START DATA SHOWN
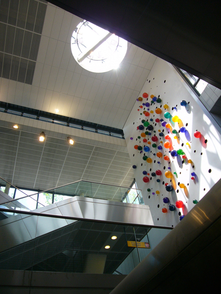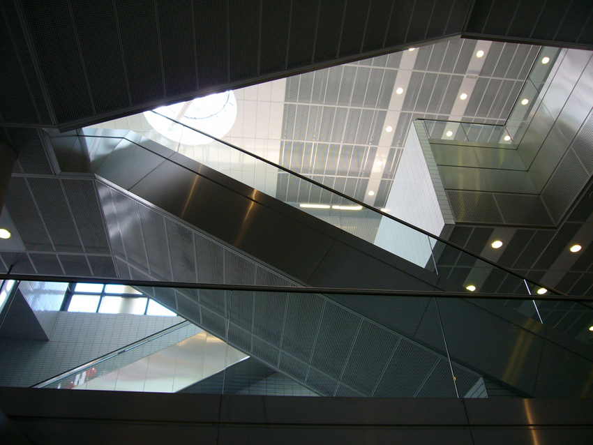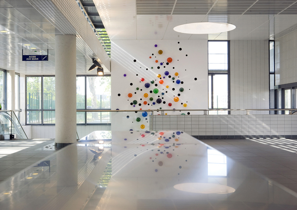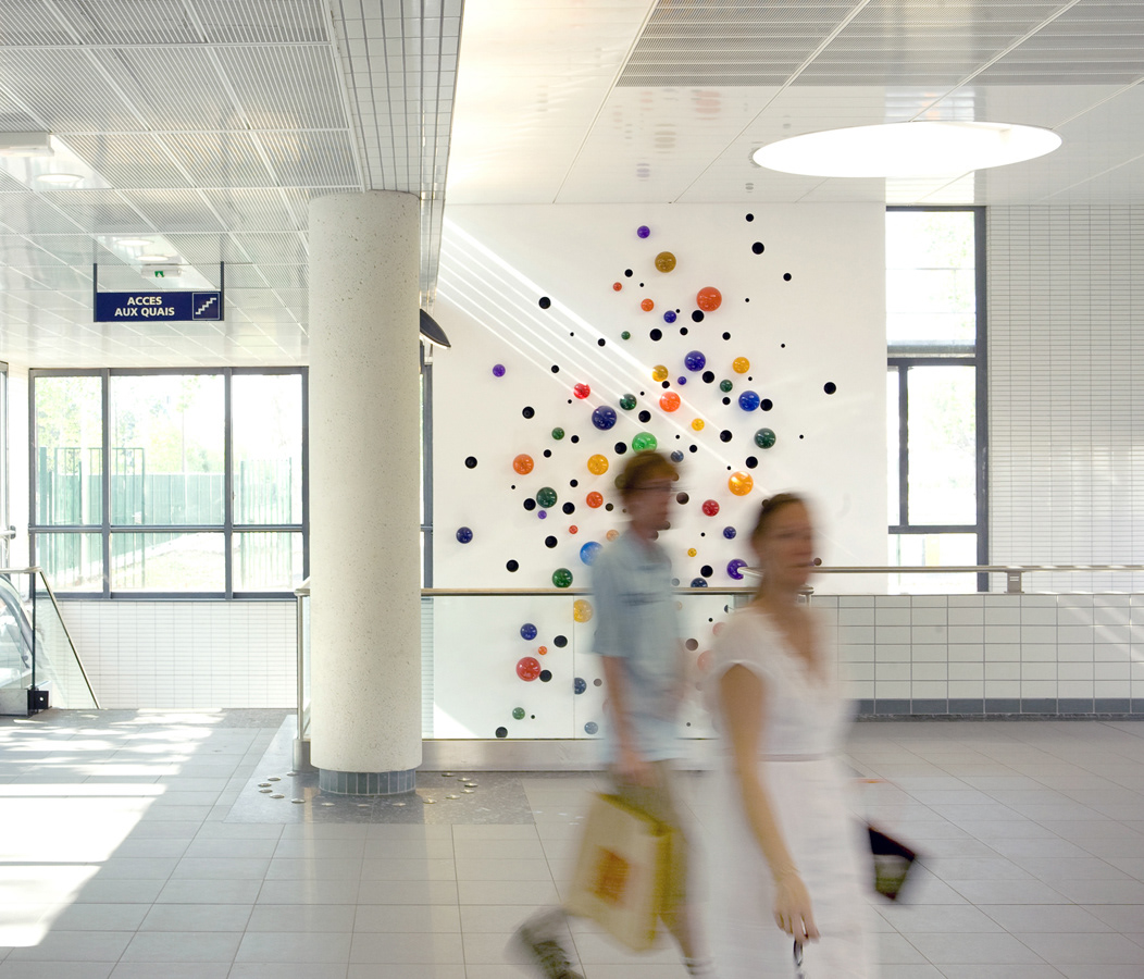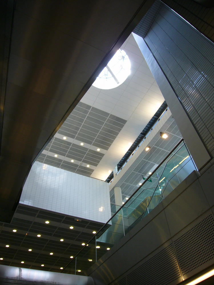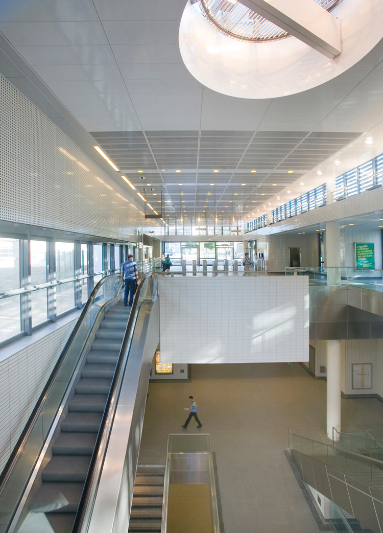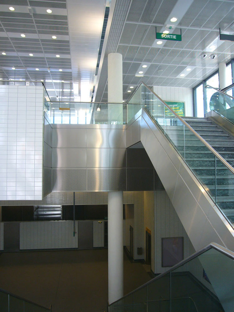 Livraison: Septembre 2007 Maître d’Ouvrage: SMTC MO délégué: SMAT BET (mandataire): SYSTRA Architecte: Philtre / Christophe Massin Intervention artistique: Didier Mencoboni Coût travaux (station): 5,8 M€ht SHON: 1460 m2 La station PHARMACIE s’inscrit dans l’opération de création de la ligne B du Métro de Toulouse à proximité de l’université de pharmacie (campus de Rangueil) Un auvent bas répond à l’orientation du Campus en s’inscrivant frontalement vis à vis du parvis futur, alors que le corps émergent de la station souligne et révèle la direction des voies métro ainsi que celle du chemin des maraîchers. Le parvis alternera traitement minéral et plantations La station se propose comme POINT FOCAL à l’étendue du Campus par le jeu des géométries convergentes. Ce mouvement horizontal vers la station se transmue en un mouvement vertical sol/quai auquel nous avons donné toute son ampleur. Le jeu des trémies propose une relation verticale forte dans les vues et parcours entre les niveaux sol, mezzanine et quai. Le vide sur mezzanine amplifié par les trémies des escalators en liaison directe avec les quais devient dès lors le lieu majeur du projet. L’asymétrie de la station (dans son traitement en coupe ainsi que dans la répartition et le jeu de la lumière naturelle) oriente les parcours et rompt la monotonie d’un aller offrant la même expérience spatiale au voyageur qu’un retour. Le passage par la mezzanine devient l’objet d’une «promenade» ou prendra place une intervention artistique (Didier Mencoboni), alors que les liaisons directes quai/salle des billets restent d’ordre fonctionnel. Cette spatialité verticale se poursuit vers les quais au moyen de l’élargissement et la superposition des trémies des escaliers fixes vers les quais. Offrant des échappées visuelles directes vers le niveau salle des billets, et même le ciel par l’intermédiaire d’ un vaste lanterneau venant coiffer l’ensemble du dispositif et assurant une lumière généreuse.
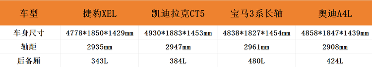 老规矩,先来看尺寸,捷豹XEL的长宽高分别是4778*1850*1429mm,横向对比来看,在一众豪华品牌B级车中,捷豹XEL不到4米8的的车长属于尺寸偏小的存在,2935mm的轴距则是介于奥迪A4L和凯迪拉克CT5之间。
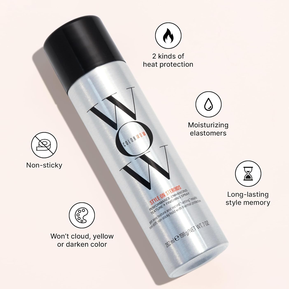 أضيفي لمسة حيوية على الشعر المصبوغ ببخاخ ستايل اون ستيرويدز لتحسين ملمس الشعر من كولور واو.
END DATA SHOWN
TRY IT: All lines from the one holding "老规矩,先来看尺寸,捷豹XE" to the end of the listing above need to be duplicated exactly. None of the pictures should be included.

RESPONSE TO THE EXERCISE:
 老规矩,先来看尺寸,捷豹XEL的长宽高分别是4778*1850*1429mm,横向对比来看,在一众豪华品牌B级车中,捷豹XEL不到4米8的的车长属于尺寸偏小的存在,2935mm的轴距则是介于奥迪A4L和凯迪拉克CT5之间。
 أضيفي لمسة حيوية على الشعر المصبوغ ببخاخ ستايل اون ستيرويدز لتحسين ملمس الشعر من كولور واو.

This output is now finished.